Reconcile hardware, software, and license inventory
- Walk the asset inventory against actual deployed counts — VMs in vCenter, endpoints in Intune or JAMF, M365 license seats, EDR agents. Vendor audit (Microsoft, Oracle, VMware) finding 80 unlicensed VMs during a recovery is a six-figure surprise on top of the disaster.
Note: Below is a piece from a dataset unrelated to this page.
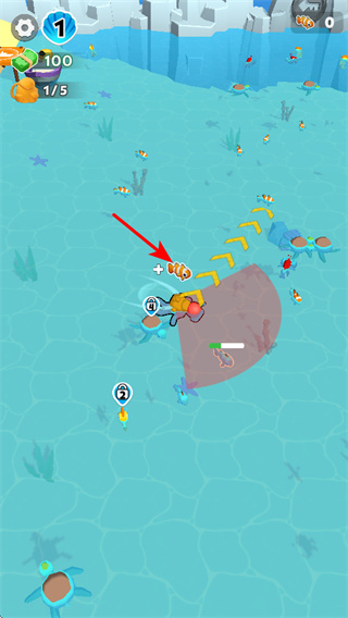 4、在水下區(qū)域,操控角色捕捉魚類,這是獲取資源的基礎操作,捕捉后可積累魚類資源,推進游戲進程。

Emergency Response Readiness

Distribute the emergency response card to staff
- Wallet-sized card with the IT incident hotline, out-of-band channel address, and the first three things to do (do not power down, do not reconnect, call the hotline). Email-only distribution fails when email is the incident.
Test the out-of-band communication channel
- Send a test message to the Signal or SMS group and confirm receipt from each DR team member. Channels that nobody has opened in six months are channels nobody will see during an incident.
Run a ransomware tabletop exercise
- Walk a realistic scenario: domain admin credential compromised, backup share encrypted, EDR alerts arriving at 2am Saturday. Force decisions on isolation, comms, and ransom posture. Capture every place the playbook hits an unanswered question.
Collects list
Schedule remediation training for tabletop gaps
- Triggered when the tabletop surfaces gaps. File each gap as a tracked action item with a named owner and due date. Schedule role-specific training — KnowBe4 for end users, vendor sessions for tier-2 engineers, an updated runbook walkthrough for the IC pool.
Confirm coordination with local emergency services
- For physical-site disasters (fire, flood, extended power loss), confirm building security, fire department non-emergency line, and utility-provider account numbers are in the runbook. Cyber incidents: confirm FBI field office and CISA reporting paths.

Business Continuity

Document failover procedures for tier-1 apps
- Per-app runbook entries: failover trigger, DNS or load-balancer change, dependency order, validation tests, rollback plan. Procedures that live in one engineer's head are single points of failure.
Load-test remote access via VPN and ZTNA
- Validate that the FortiGate or Palo Alto concentrator and the ZTNA broker can handle the full workforce concurrently — March 2020 caught everyone with VPN sized for 20% of headcount. Confirm conditional access policies still block legacy auth.
Validate alternate-site readiness and connectivity
- Hot site, warm site, or DRaaS — confirm circuits up, replication current, AD/DNS reachable, and at least one technician knows how to badge in. An alternate site nobody has visited in a year is theoretical.
Distribute the stakeholder status template
- Pre-approved template for executive, customer, and regulator updates so comms during an incident are not drafted from scratch under pressure. Include placeholders for impact, ETA, workaround, and next-update time.
Hold the quarterly DR review with the vCIO
- Walk the test results, gaps, and remediation plan with the vCIO or CIO. Tie outstanding items to budget — DR investments routinely lose to feature work unless leadership is forced to choose explicitly.

Post-Incident Recovery

Classify the incident severity and document scope
- Run the severity rubric: systems affected, users affected, data exposure, regulatory triggers (HIPAA breach, PCI cardholder data, GDPR personal data). Severity drives notification clocks — HIPAA is 60 days, GDPR is 72 hours, state laws vary.
Collects list
Activate full DR site failover
- Triggered for catastrophic incidents only. Cut DNS and traffic to the DR site per the documented failover runbook, in dependency order. Confirm AD, DNS, and identity providers come up first; application tier follows. Notify the vendor and DRaaS provider in parallel.
Prioritize recovery work by RTO tier
- Work the inventory in RTO order: tier-1 first (revenue, safety, regulated), then tier-2, then tier-3. Resist scope creep from loud-but-low-priority requesters; the BIA is the tiebreaker.
Send recovery status updates on the cadence
- Use the pre-approved status template. Send updates every 60 minutes for major or catastrophic events, every 4 hours for moderate. Always include next-update time, even if the substantive update is 'no change.' Silence is what generates the executive escalation.
Capture lessons learned and update the runbook
- Hold a blameless postmortem within five business days of recovery. Capture what actually happened versus what the playbook said would happen. Every gap becomes a tracked runbook edit with a named owner — otherwise the next incident reproduces this one.
Collects paragraph